In this case, a steering input signal for lane keeping assist steering is output from the LK control ECU 42 during a period of pseudo-deceleration S&S control, so an LK control start request is generated. A connection request signal is emitted from the S&S control ECU 51 in response to the generation of this LK control start request. Then, the clutch mechanism 5 connects the motive power transmission path from the engine 4 to the shift mechanism 6, so the engine 4 assumes a normal operation state. When the operation state of the engine 4 is stabilized, LK control is executed.

The lower stage of FIG. 3 indicates a control procedure in the case where a pseudo-deceleration S&S suspension request other than the LK control start request is generated during a period in which pseudo-deceleration S&S control is executed under the LK control standby mode.

In this case, when a pseudo-deceleration S&S suspension request, for example, a steering input at or above a certain output from the LK control ECU 42 etc. is generated during a period of pseudo-deceleration S&S control, a connection request signal is output from the S&S control ECU 51 in response to the generation of the pseudo-deceleration S&S suspension request. Then, the clutch mechanism 5 connects the motive power transmission path from the engine 4 to the shift mechanism 6, so the engine 4 returns to the normal operation state.

In order to set such priorities, the foregoing predetermined restrictive conditions for restricting the start of deceleration S&S control in the deceleration S&S restriction determination unit 62 include a restrictive condition (j) that LK control be executed, a restrictive condition (k) that the LK control standby mode be established (there be a request to start LK control), and a restrictive condition (l) that EPS control at or above a certain output be executed, in addition to the foregoing restrictive conditions (e) to (i).

Furthermore, the restrictive conditions for not permitting lane keeping assist steering in the LK control restriction determination unit 46 include the fulfillment of one of two conditions, namely, a condition (m) that deceleration S&S control be executed and a condition (n) that the vehicle behavior stabilization time have not elapsed after deceleration S&S control.

That is, the deceleration S&S restriction determination unit 62 of the control unit 33 permits the execution of deceleration S&S control on the conditions that LK control not be executed by the EPS control unit 45 of the LK control mechanism 31, that the LK control standby mode not be established (the non-standby mode be established), and that EPS control at or above a certain output not be executed.

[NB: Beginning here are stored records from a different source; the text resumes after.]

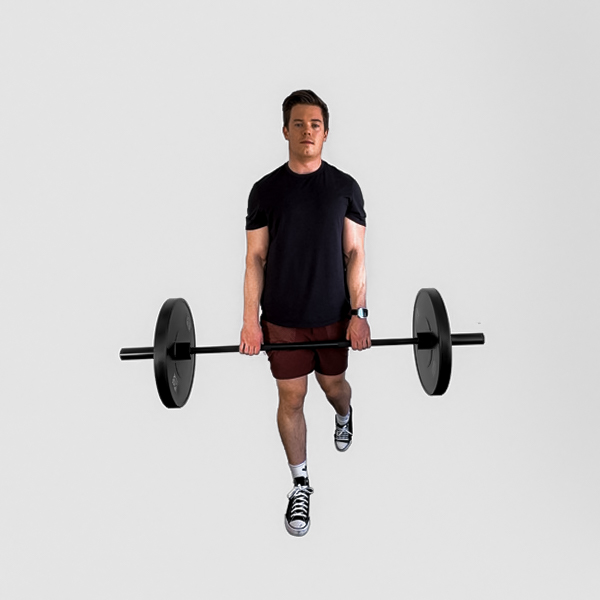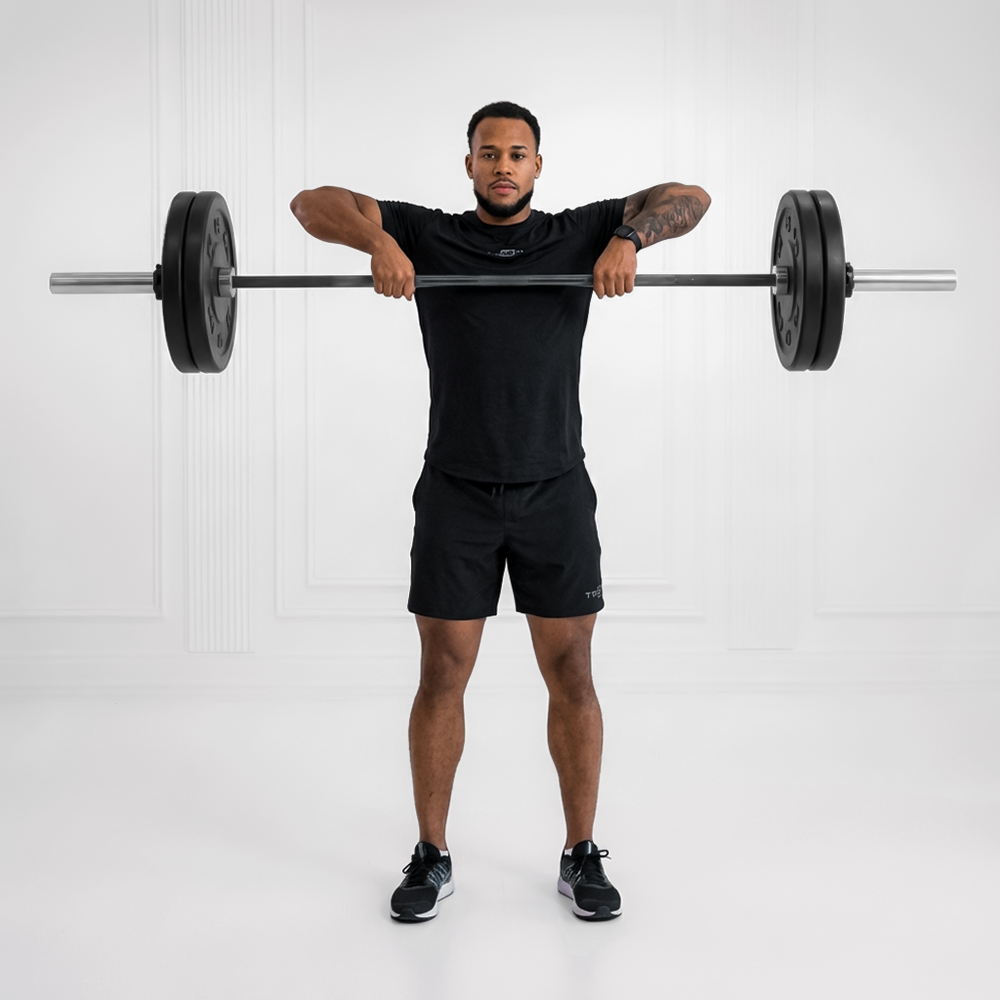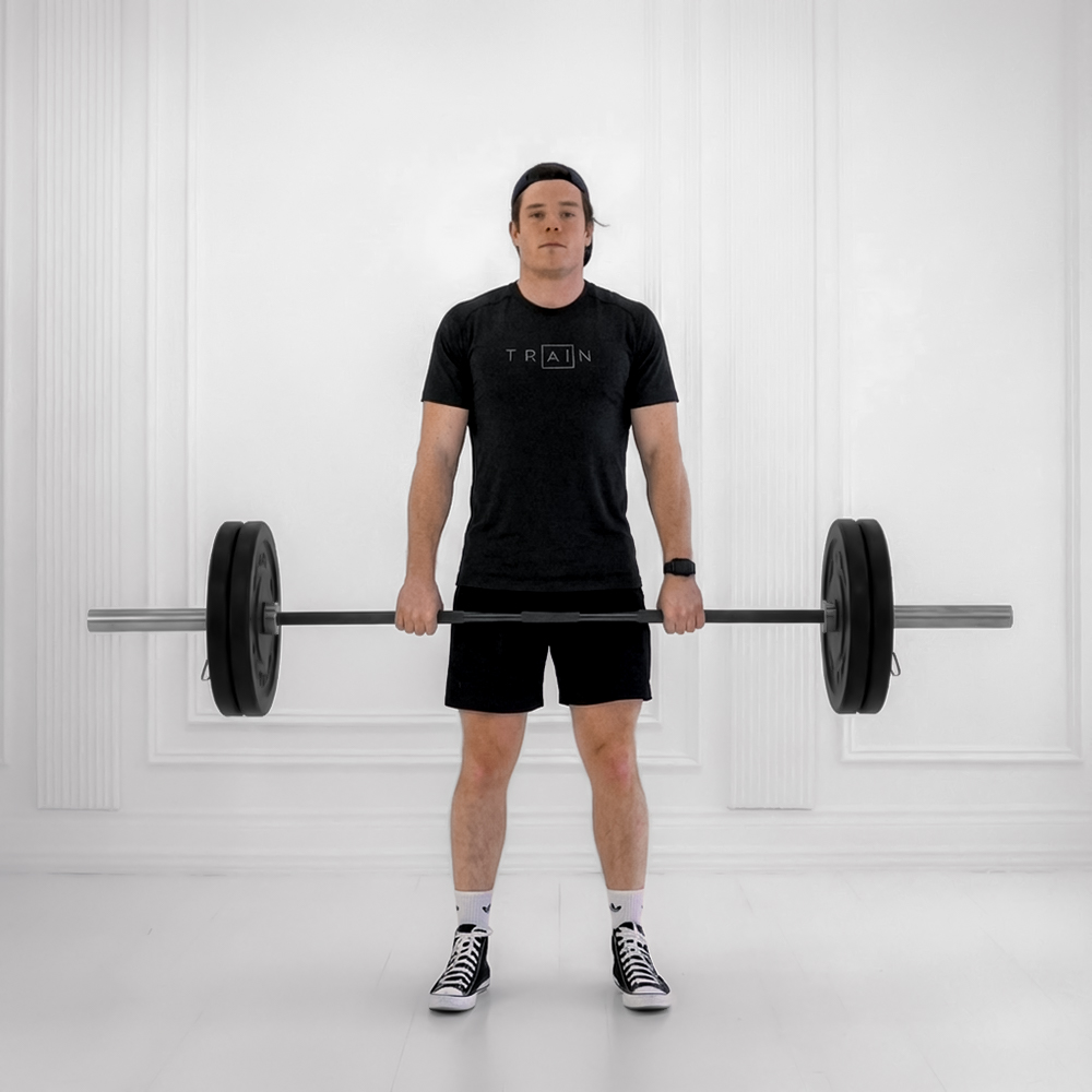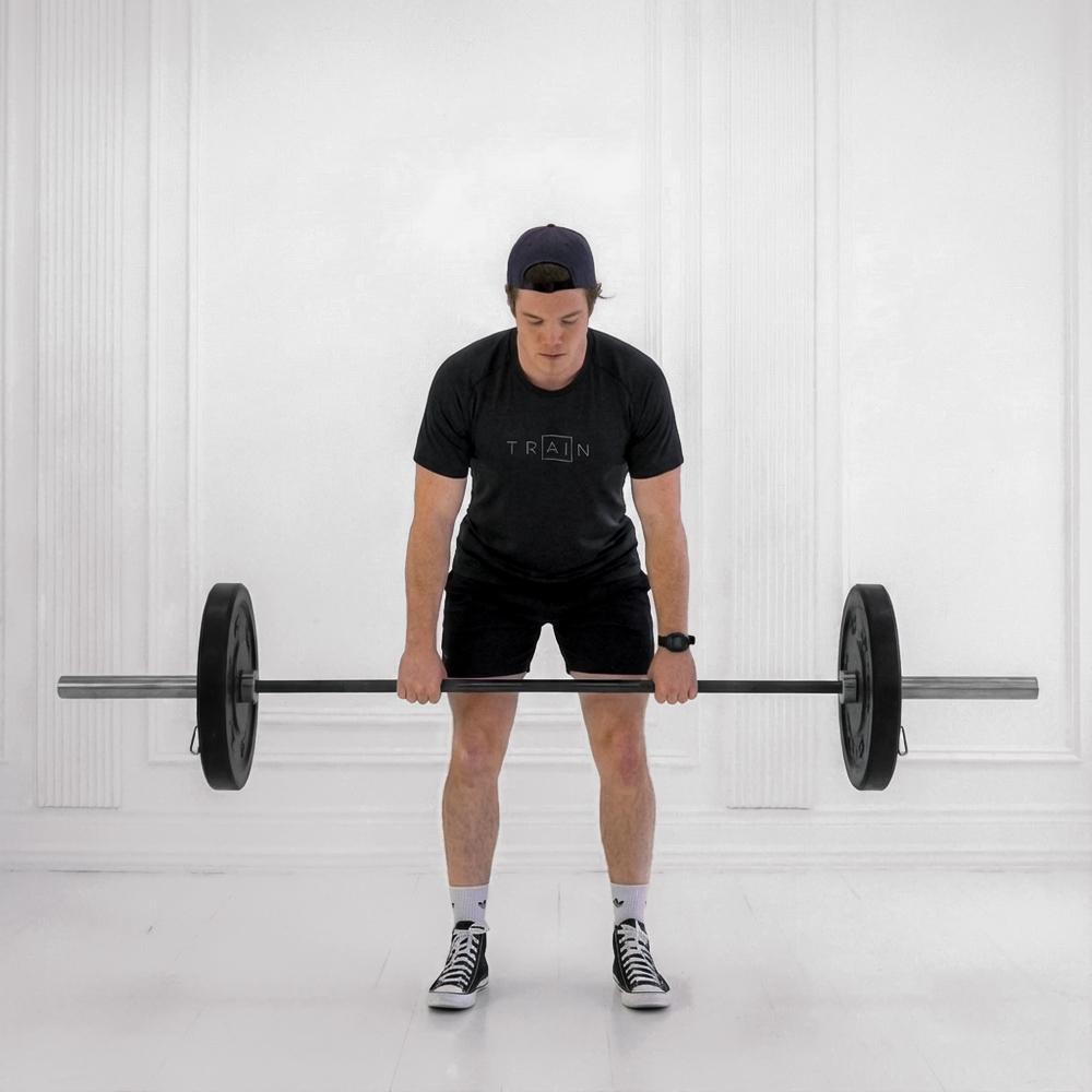 Stand with feet hip-width apart, barbell over mid-foot. Hinge at hips to grip bar shoulder-width with flat back and engaged core.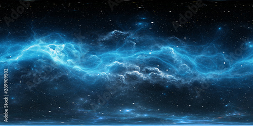 360 degree space background with nebula and stars, equirectangular projection, environment map. HDRI spherical panorama.
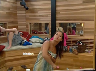 Cam 1 - Judd's shaving while Jessie's showering..Ginamarie comes in with her makeup kit.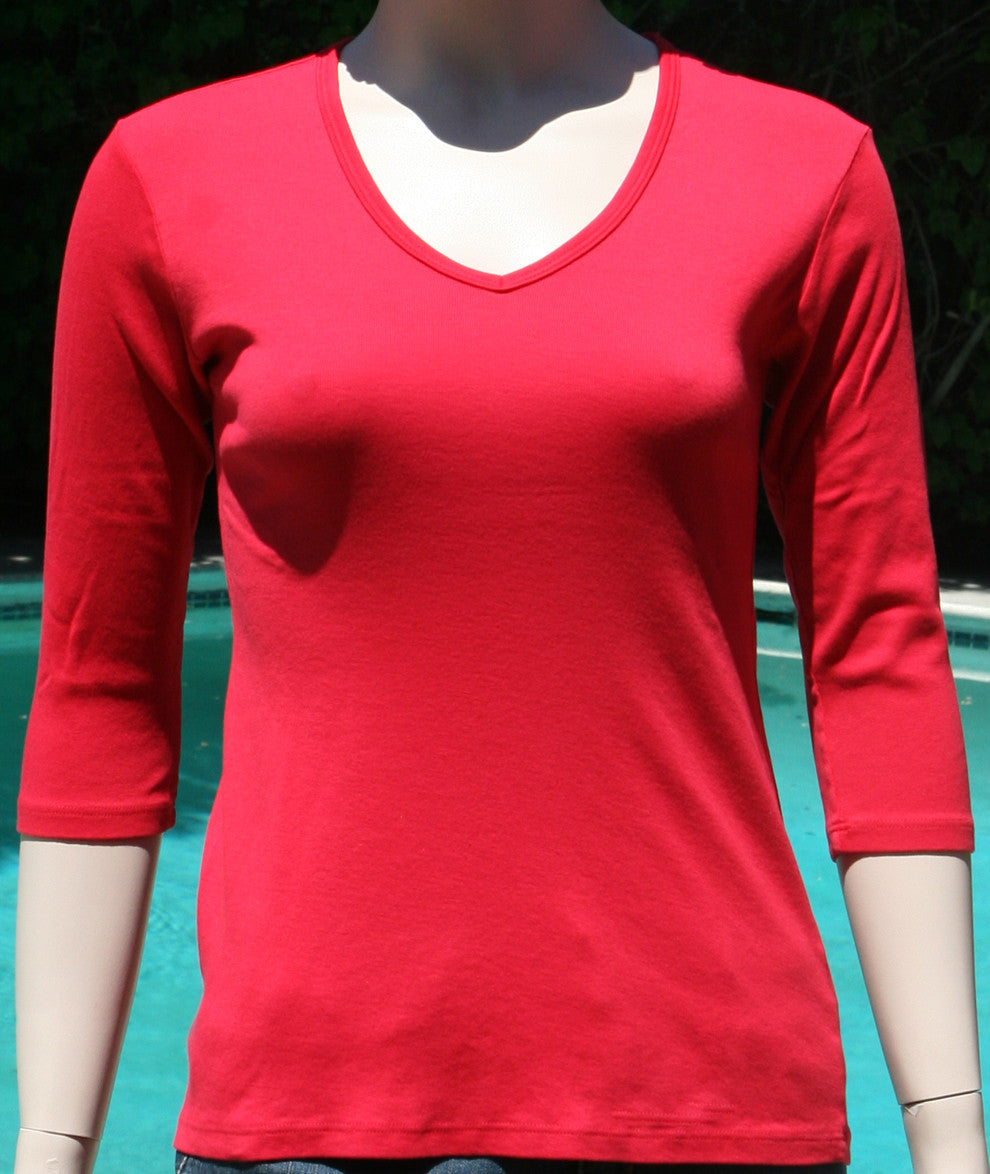 Solid V-Neck Top - Red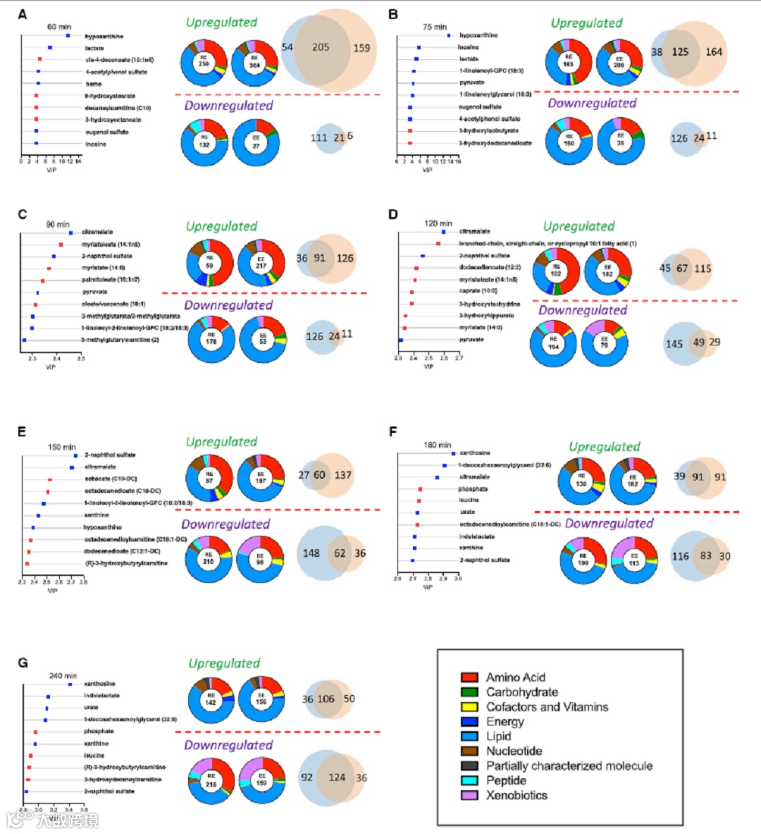 通过分析,发现在运动前后4h内,几乎所有检测到的血浆代谢物都发生了变化,EE和RE分别有666种和708种代谢物随时间的推移发生变化。其中,有51种代谢物是EE特异性的,93种是RE特异性的(图1E)。在运动结束后,与RE(259)相比,EE(364)有更多的代谢物上调。反之,与EE(27)相比,RE(132)有更多的代谢物下调(图2A)。在运动后3h的恢复阶段内仍保持相同趋势(图2B-G)。
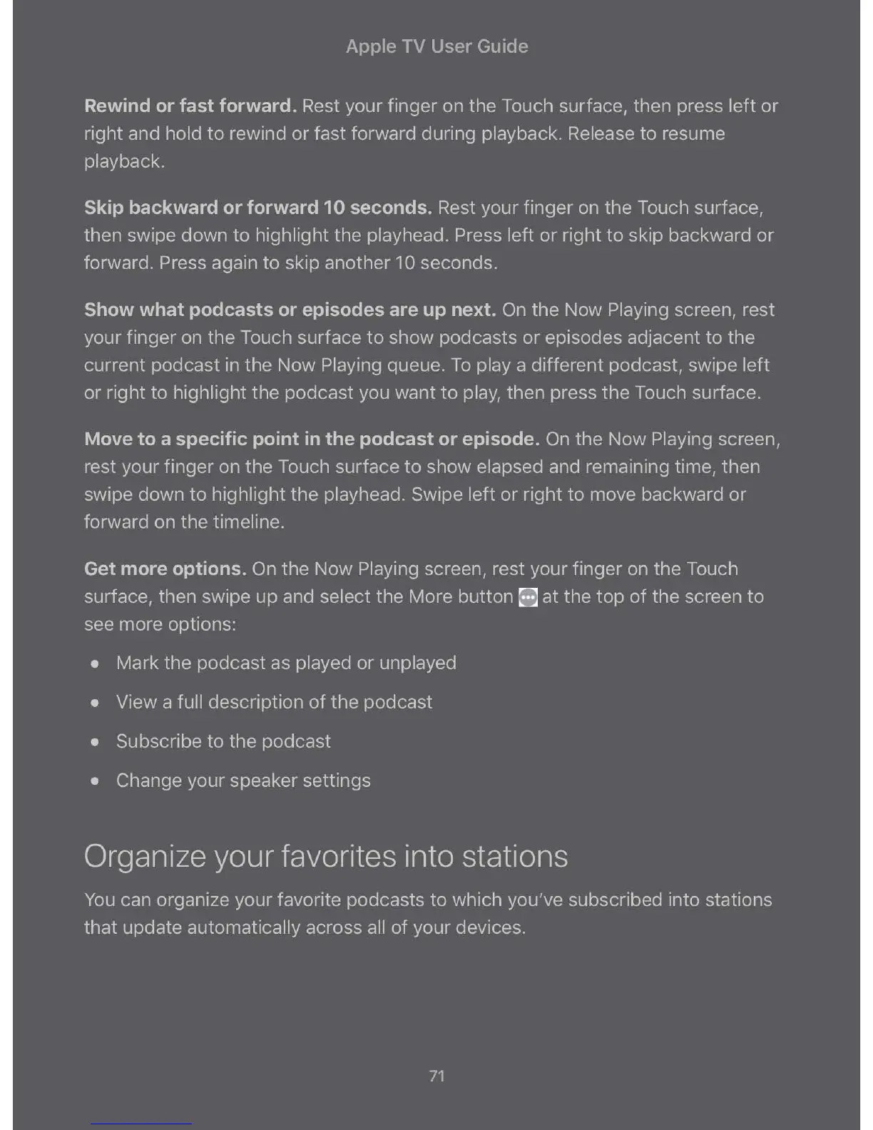 or right to highlight the podcast you want to play, then press the Touch surface.

Besides, the LK control restriction determination unit 46 of the control unit 33 permits the execution of LK control through lane keeping assist steering of the LK control mechanism 31 on the conditions that deceleration S&S control not be executed by the deceleration S&S control unit 61 of the idling stop control mechanism 32 and that the vehicle 1 be in a stable state.

Furthermore, when the other automatic stop conditions are fulfilled under a state where the LK control standby mode is established, namely, there is a request to start LK control, the control unit 33 of the idling stop control mechanism 32 executes pseudo-deceleration S&S control for causing the vehicle 1 to coast in a neutral state while autonomously operating the engine 4, as described above.

Next, a process of regulating the timing for starting deceleration S&S control and LK control that are repeatedly executed by the control unit 33 to realize the setting of the foregoing priorities, and a process of regulating the timing for starting deceleration S&S control and EPS control will be described.

In the process of regulating the timing for starting deceleration S&S control and LK control shown in FIG. 4, it is first determined whether or not LK control is being executed, or whether or not the LK control standby mode in which there is an LK control start request is established (step S11). If LK control is being executed or there is an LK control start request (if YES in step S11), this determination step is repeated.

On the other hand, if LK control is not being executed and no LK control start request is generated (if NO in step S11), it is then determined whether or not an automatic stop condition as a condition for starting the operation of deceleration S&S control is fulfilled (step S12). If the automatic stop condition is fulfilled (if YES in step S12), deceleration S&S control is started (step S13).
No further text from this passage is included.